§ **Required work**
Output the lines from the top of the entries below to the line with "Sizes Infant/XXS, Extra", both included, exactly and without pictures.
====== Given data ======
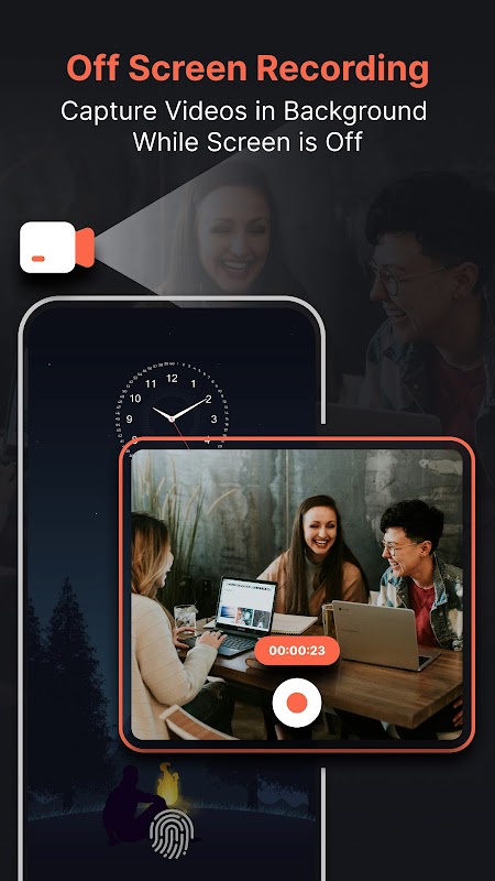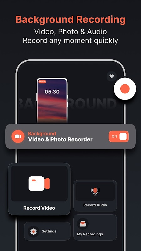 يتيح لك هذا التطبيق تسجيل مقاطع الفيديو والتسجيلات الصوتية والتقاط الصور بسهولة في أي وقت وفي أي مكان في الخلفية أثناء أداء مهام أخرى على جهازك، دون الحاجة إلى إبقاء الشاشة نشطة.
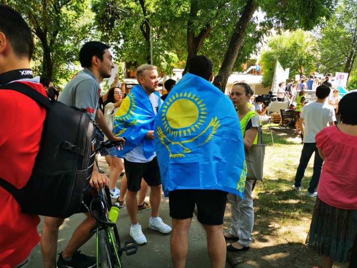 "Астана" велокомандасының спорттық киімін киіп келген (расында өтіп бара жатып, қосылған да болуы мүмкін) мына спортшының топқа қосылмай, жырақтан ғана байқап, мінберге шыққандарды мұқият тыңдап тұрған сәтінен түстік. Оның бұл шараға арнайы келген-келмегеніне болжам жасамай-ақ қоялық. Қайткен күннің өзінде жиналған халық қарасын көбейткендердің ішінде кездейсоқ жүргендер болды.
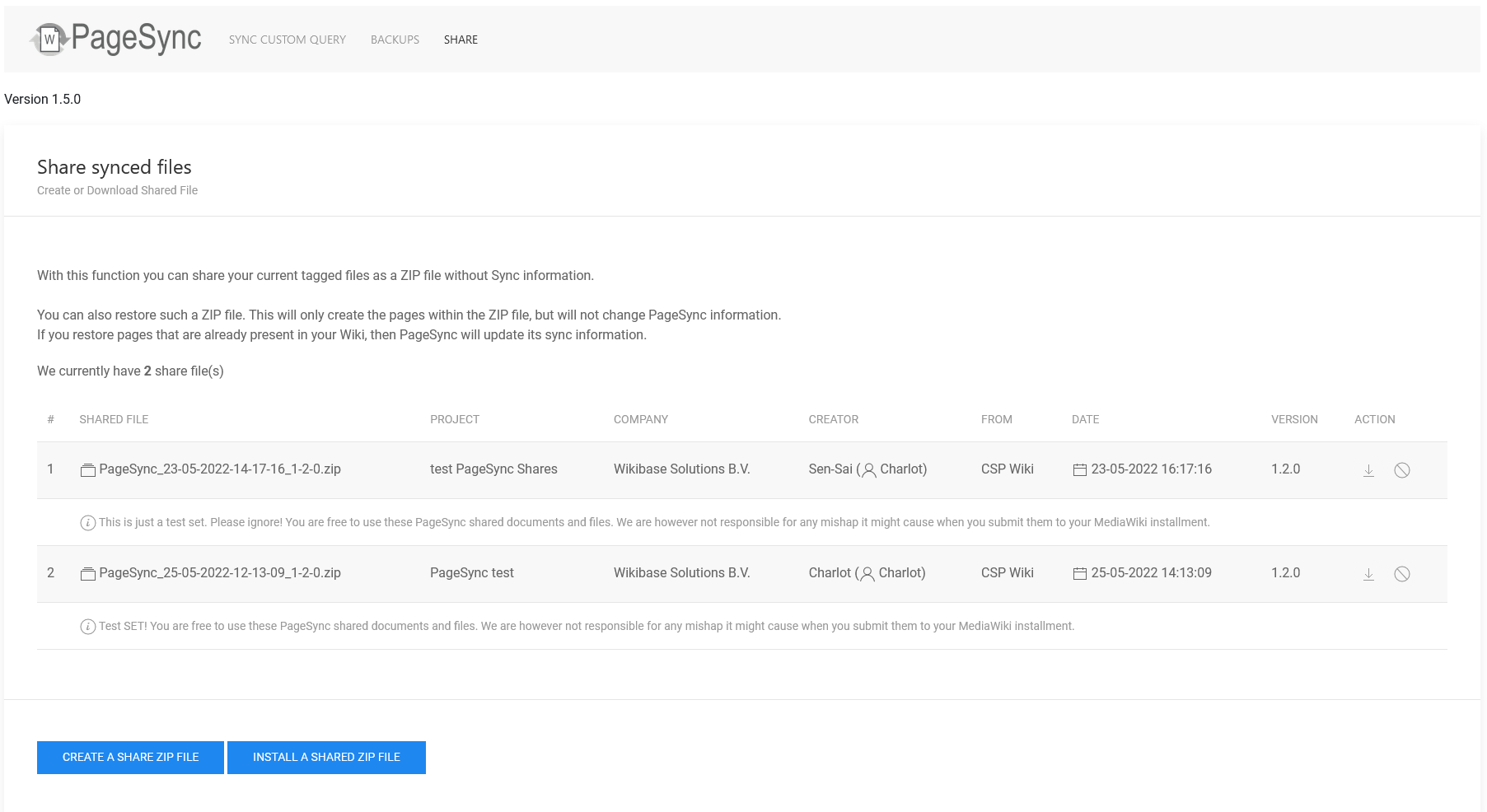 Screenshot PageSync Share page
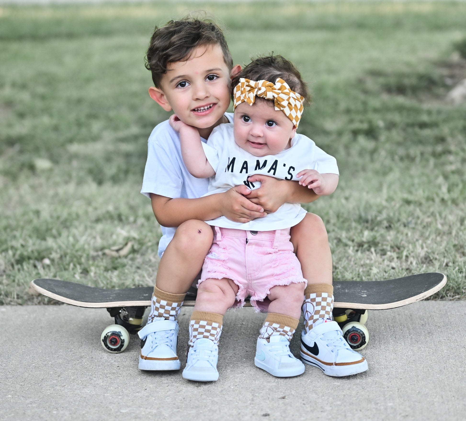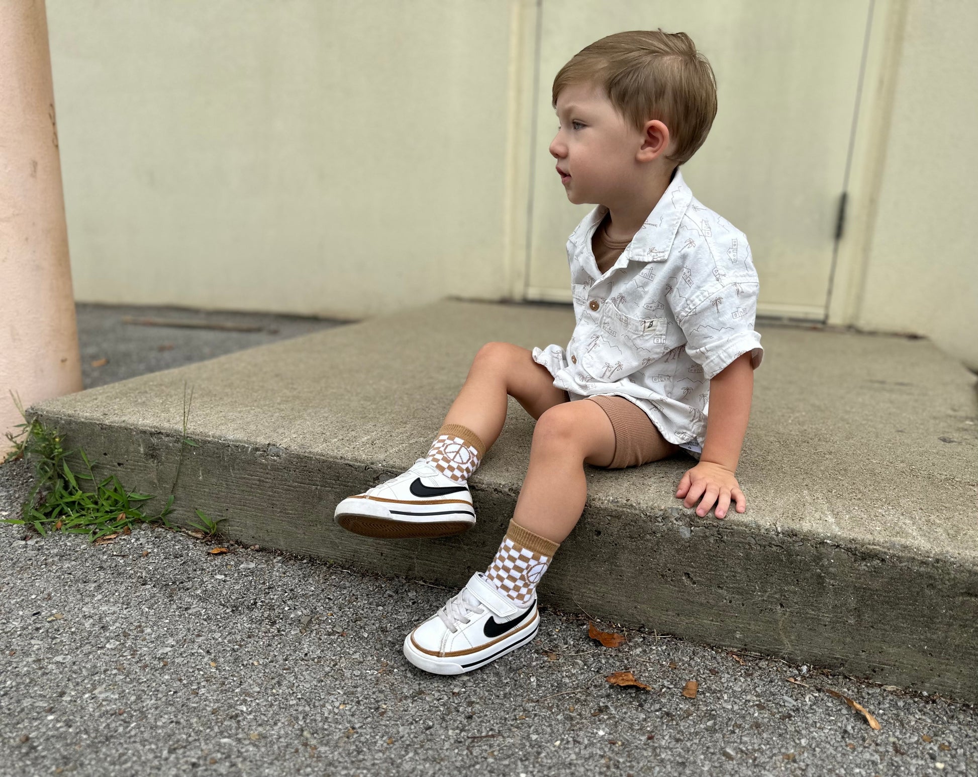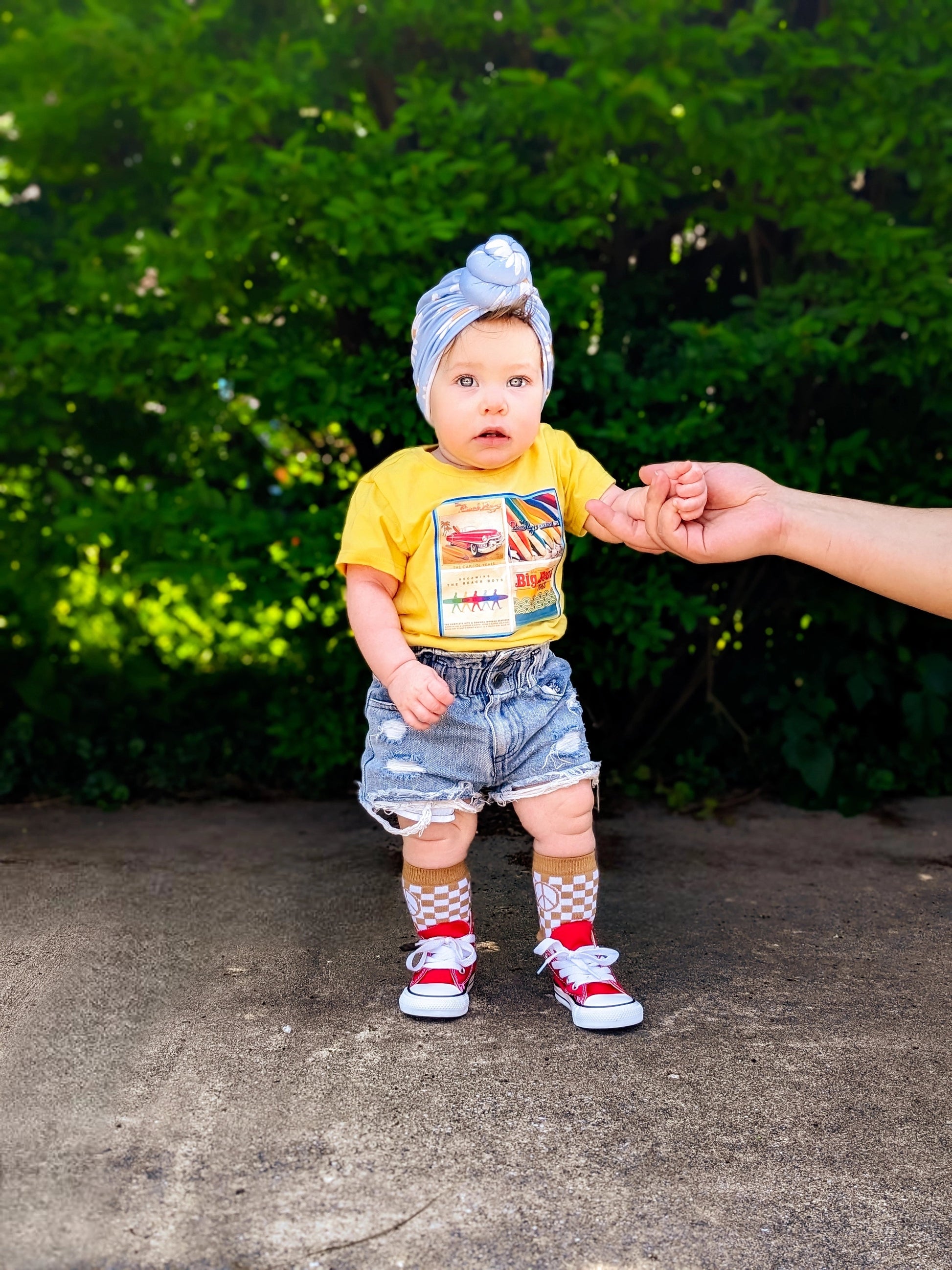 Sizes Infant/XXS, Extra Small, Small + Medium have logo grips on the bottom of the feet and size large have a stitched logo on the bottom of the feet.
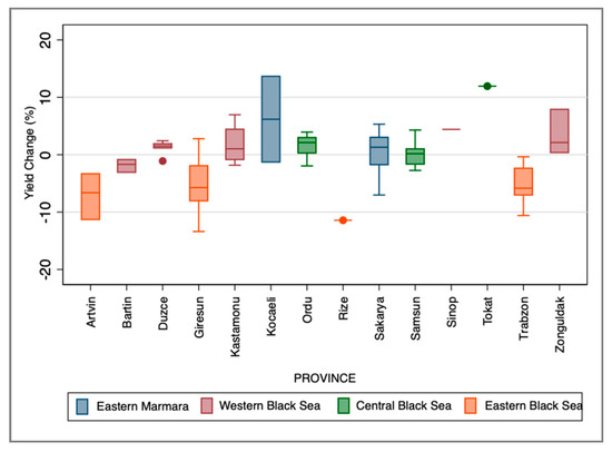 Projected yield change by province is illustrated in Figure 6. Hence, Ordu, which has the highest hazelnut production, is predicted to have an increase of 1% to 4% in 14 locations and a decrease of 1–2% in 3 out of 19 locations. The projection results show that climate change is more likely to affect hazelnut yield in Giresun (eastern Black Sea), with a wider range between −13% to 3%. In 6 locations of Sakarya (western Black Sea), hazelnut yield will rise by 1–5%, while 4 locations have a decrease by 1–7%. In Düzce (western Black Sea), one of the most important cities for hazelnut production after Ordu, Giresun, and Sakarya, an increase with a range of 1–2% is predicted in all locations except Akçakoca. A decrease of up to 11% is projected in all locations (12 locations in total) of Trabzon.
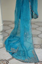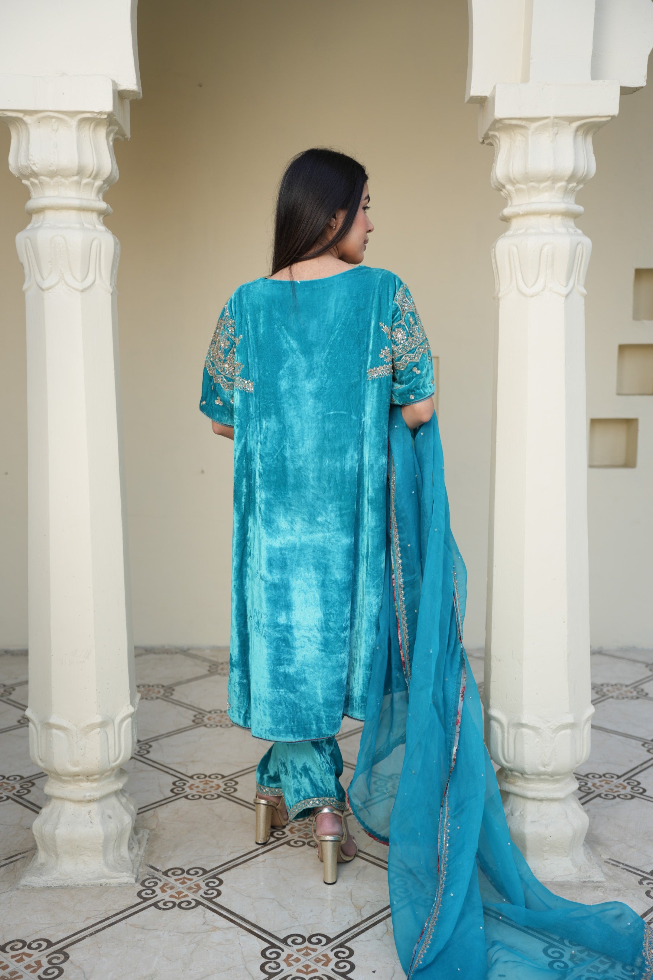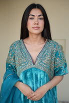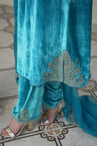 A velvet sky blue suit with delicate neck embroidery exudes elegance and charm. The soft, luxurious fabric in a serene sky blue creates a refined silhouette, while intricate embroidery on the neckline and short slits adds a touch of sophistication. Perfect for formal events or special occasions, this ensemble balances grace with subtle artistry.
======
§ **Exercise output**
 يتيح لك هذا التطبيق تسجيل مقاطع الفيديو والتسجيلات الصوتية والتقاط الصور بسهولة في أي وقت وفي أي مكان في الخلفية أثناء أداء مهام أخرى على جهازك، دون الحاجة إلى إبقاء الشاشة نشطة.
 "Астана" велокомандасының спорттық киімін киіп келген (расында өтіп бара жатып, қосылған да болуы мүмкін) мына спортшының топқа қосылмай, жырақтан ғана байқап, мінберге шыққандарды мұқият тыңдап тұрған сәтінен түстік. Оның бұл шараға арнайы келген-келмегеніне болжам жасамай-ақ қоялық. Қайткен күннің өзінде жиналған халық қарасын көбейткендердің ішінде кездейсоқ жүргендер болды.
 Screenshot PageSync Share page
 Sizes Infant/XXS, Extra Small, Small + Medium have logo grips on the bottom of the feet and size large have a stitched logo on the bottom of the feet.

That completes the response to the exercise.